Authors on Pith no claims yet

Pith reviewed 2026-05-11 17:42 UTC · model grok-4.3

classification 💻 cs.CL

keywords mixture of expertslarge language modelagentic tasksreasoningcodingopen sourcebenchmark evaluationreinforcement learning

0 comments

The pith

GLM-4.5 reaches 70.1 percent on TAU-Bench and 91 percent on AIME 24 using an open-source 355B-parameter MoE model with only 32B parameters active at once.

A machine-rendered reading of the paper's core claim, the machinery that carries it, and where it could break.

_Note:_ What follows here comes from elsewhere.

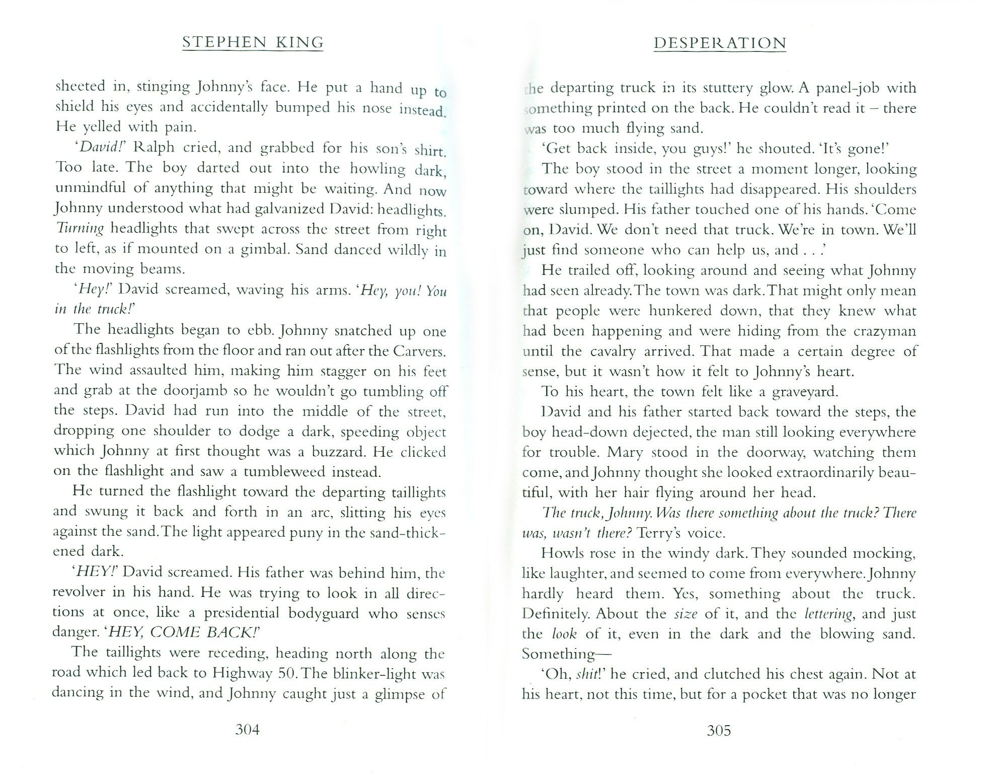 Welcome to Desperation. Once a thriving copper mining town in the middle of the Nevada desert, Desperation is now eerily abandoned. It's the last place that travellers like the Carver family, bound for vacation, and writer Johnny Marinville, astride his Harley, would expect to be stopped and charged. But Desperation still has a local cop - a unique regulator who patrols the wilderness highway.

The paper presents GLM-4.5 as an open-source Mixture-of-Experts model built to handle agentic tasks, complex reasoning, and coding problems. It describes a multi-stage training process on 23 trillion tokens followed by expert iteration and reinforcement learning that produces a hybrid reasoning capability allowing both extended thinking traces and direct answers. The model posts the listed benchmark scores and ranks near the top of evaluated systems despite activating far fewer parameters than some denser competitors. A smaller 106B-parameter variant is also released to broaden access. The work aims to supply capable tools for building practical AI agents and technical problem solvers.

Core claim

GLM-4.5 achieves strong performance across agentic, reasoning, and coding (ARC) tasks, scoring 70.1% on TAU-Bench, 91.0% on AIME 24, and 64.2% on SWE-bench Verified. With much fewer parameters than several competitors, GLM-4.5 ranks 3rd overall among all evaluated models and 2nd on agentic benchmarks.

What carries the argument

The hybrid reasoning method that supports both thinking and direct response modes, built inside a Mixture-of-Experts architecture with 355 billion total parameters but only 32 billion activated per token.

Load-bearing premise

That the reported benchmark scores reflect genuine capabilities measured through fair, standardized, and uncontaminated evaluations that allow direct comparison to other models.

What would settle it

Independent re-evaluation of the model on the same benchmark problems using fresh, publicly documented prompts and code, or testing on a new suite of problems created after the training cutoff, would confirm or refute the claimed scores.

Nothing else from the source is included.